>>>

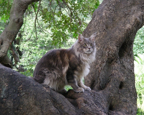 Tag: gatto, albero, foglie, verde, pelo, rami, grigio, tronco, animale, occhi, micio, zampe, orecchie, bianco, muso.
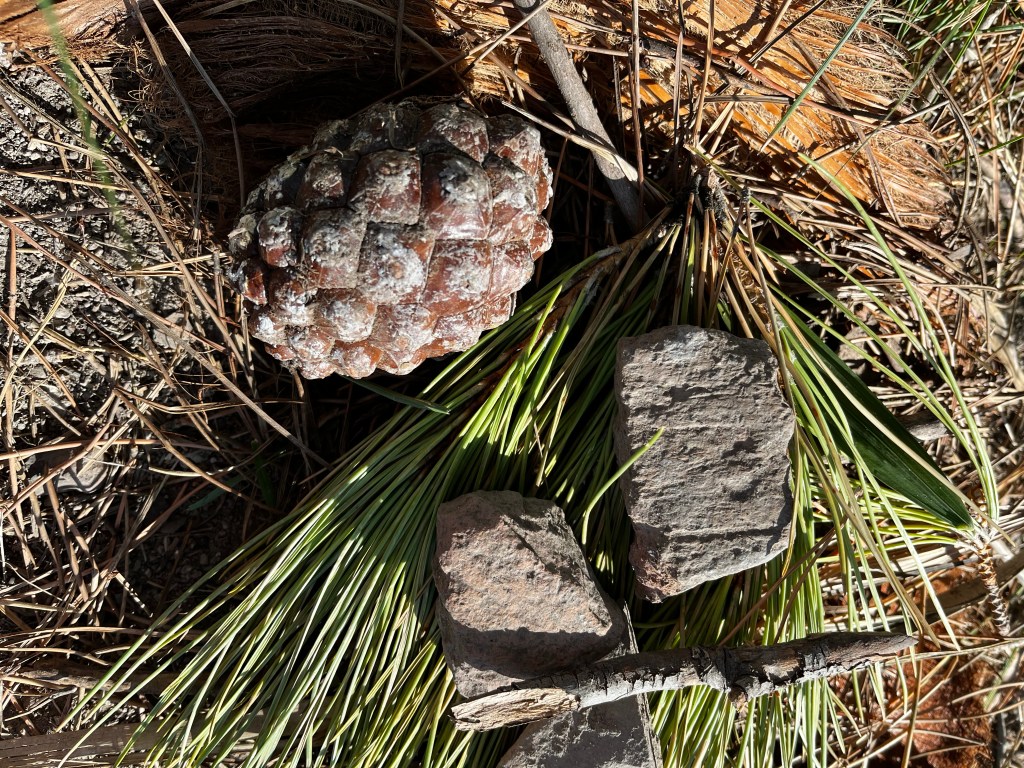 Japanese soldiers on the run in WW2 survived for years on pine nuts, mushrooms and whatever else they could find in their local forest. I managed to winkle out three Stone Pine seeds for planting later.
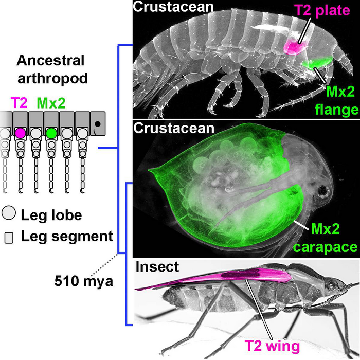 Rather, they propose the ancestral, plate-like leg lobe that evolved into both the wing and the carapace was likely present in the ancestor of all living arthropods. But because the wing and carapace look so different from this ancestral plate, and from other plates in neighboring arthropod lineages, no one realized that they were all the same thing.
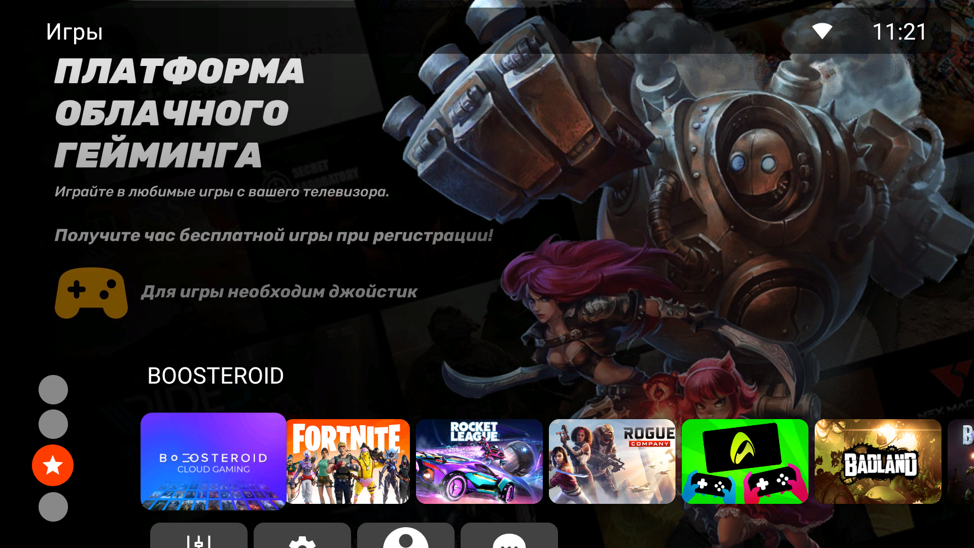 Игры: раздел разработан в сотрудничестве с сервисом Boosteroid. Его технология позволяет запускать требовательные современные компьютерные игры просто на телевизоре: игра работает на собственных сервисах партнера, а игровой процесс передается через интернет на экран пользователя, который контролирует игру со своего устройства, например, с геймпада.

<<<

WORK TO COMPLETE >> Please output the entire listing above verbatim and omit its images.

WORKED SOLUTION >>
 Tag: gatto, albero, foglie, verde, pelo, rami, grigio, tronco, animale, occhi, micio, zampe, orecchie, bianco, muso.
 Japanese soldiers on the run in WW2 survived for years on pine nuts, mushrooms and whatever else they could find in their local forest. I managed to winkle out three Stone Pine seeds for planting later.
 Rather, they propose the ancestral, plate-like leg lobe that evolved into both the wing and the carapace was likely present in the ancestor of all living arthropods. But because the wing and carapace look so different from this ancestral plate, and from other plates in neighboring arthropod lineages, no one realized that they were all the same thing.
 Игры: раздел разработан в сотрудничестве с сервисом Boosteroid. Его технология позволяет запускать требовательные современные компьютерные игры просто на телевизоре: игра работает на собственных сервисах партнера, а игровой процесс передается через интернет на экран пользователя, который контролирует игру со своего устройства, например, с геймпада.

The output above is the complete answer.